© JUNGE FREIHEIT Verlag GmbH & Co.  www.jungefreiheit.de  37/14 / 05. September 2014

Schneisen im kosmologischen Fragenwald
Dunkle Energie: Internationale Forschungsanstrengungen wollen das Rätsel lösen
Christoph Keller

Nicht gewohnt, in weiten historischen Horizonten zu denken, tut sich die Menschheit schwer, ihr Verhalten zu ändern, um die prognostizierten schlimmen Folgen des Klimawandels bis zur nächsten Jahrhundertwende abzumildern.

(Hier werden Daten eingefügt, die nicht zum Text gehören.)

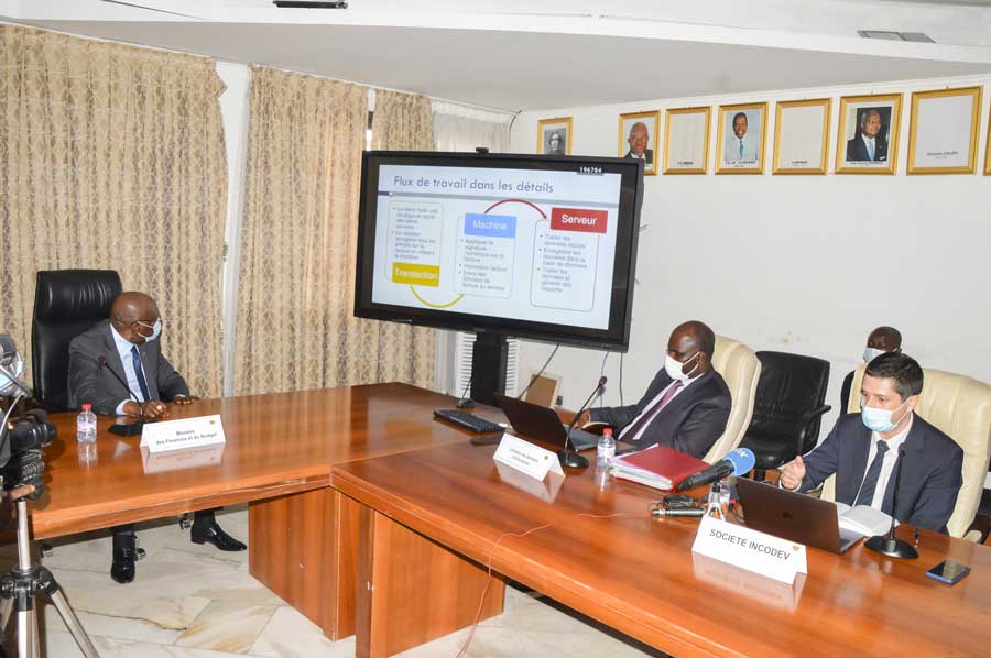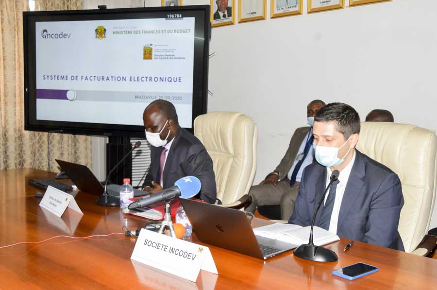 The Minister of Finance and Budget, Calixte Nganongo, followed, on Tuesday 29 September 2020 in Brazzaville, the presentation of the Electronic Invoicing Machine (MFE), made by Ivan Stojiljkovic', Managing Director of Incodev, an international firm located in Belgrade (Serbia).

In verblüffendem Kontrast zu dieser Zukunftsblindheit steht die enorme Faszination, die die mit Jahrmilliarden jonglierende Kosmologie weltweit ausübt. Und zwar keineswegs nur auf jene zahllosen Sternengucker, die Teleskope auf häuslichen Dachböden installieren. Kosmologie ist vielmehr international als wissenschaftlicher Großbetrieb organisiert. Berücksichtigt man neben immer üppiger instrumentierten astronomischen Instituten und Observatorien auch das gesamte Ensemble der Raumfahrt seit 1957, verschlang wohl kein anderer Forschungszweig ähnlich hohe Steuermittel – Investitionen, die politisch selten zur Disposition standen.

Dehnt sich nur die Milchstraße aus?

Deswegen stoppen auch die aktuellen Kalamitäten mit Rußland nicht das deutsch-russische Gemeinschaftsprojekt eRosita, die Entwicklung eines Röntgeninstruments am Max-Planck-Institut für extraterrestrische Physik in Garching, das im All dazu beitragen soll, das Rätsel der „Dunklen Energie“ zu lösen. Flankiert wird dieses Unterfangen von einer eben gestarteten fünfjährigen kosmologischen Beobachtungskampagne am chilenischen Observatorium Victor M. Blanco sowie dem im Bau befindlichen ESA-Satelliten Euclid.

Ob diese neuerlichen finanziellen Opfer lohnen, steht nach Einschätzung der Heidelberger Astrophysiker Elena Sellentin und Matthias Bartelmann im wahrsten Sinne des Wortes in den Sternen (Spektrum der Wissenschaft, 8/2014). In den Wald kosmologischer Fragen, die 1998 die Entdeckung eines beschleunigt expandierenden Universums aufwarf, dessen „Treibstoff“ eine unbekannte, „dunkle“ Energieform sein müsse, dürften die jüngsten Projekte allenfalls eine schmale Schneise schlagen.

Erfüllen sich die am weitesten gesteckten Erwartungen, könnten die Ermittlungen von eRosita, Euclid und anderer die Hypothese festigen, daß sich die beschleunigte Expansion des Universums auf die Umgebung unserer Heimatgalaxie beschränkt. Das Universum wäre dann aber nicht so homogen, wie es das kosmologische Standardmodell beschreibt.

Aus derart „unbehaglichen“ Diskrepanzen zwischen Theorie und empirischen Befunden würde die Hypothese unendlich vieler Subuniversen, unter denen unsere Milchstraße nur eines ist, befreien. Demnach treibt die „abstoßende Schwerkraft“ der Dunklen Energie nicht „das“ Universum, sondern „nur“ das winzige Milchstraßensegment auseinander. Aber nicht einmal dieser Prozeß scheint unabänderlich abzulaufen, da Sellentin und Bartelmann auf Daten spekulieren, die auf „ein ganz anderes Schicksal des Universums“ hoffen lassen. Anders als beim Klimawandel besteht indes kein akuter Handlungsbedarf, da mit dem größten anzunehmenden kosmologischen Unfall erst in sechs Milliarden Jahren zu rechnen ist.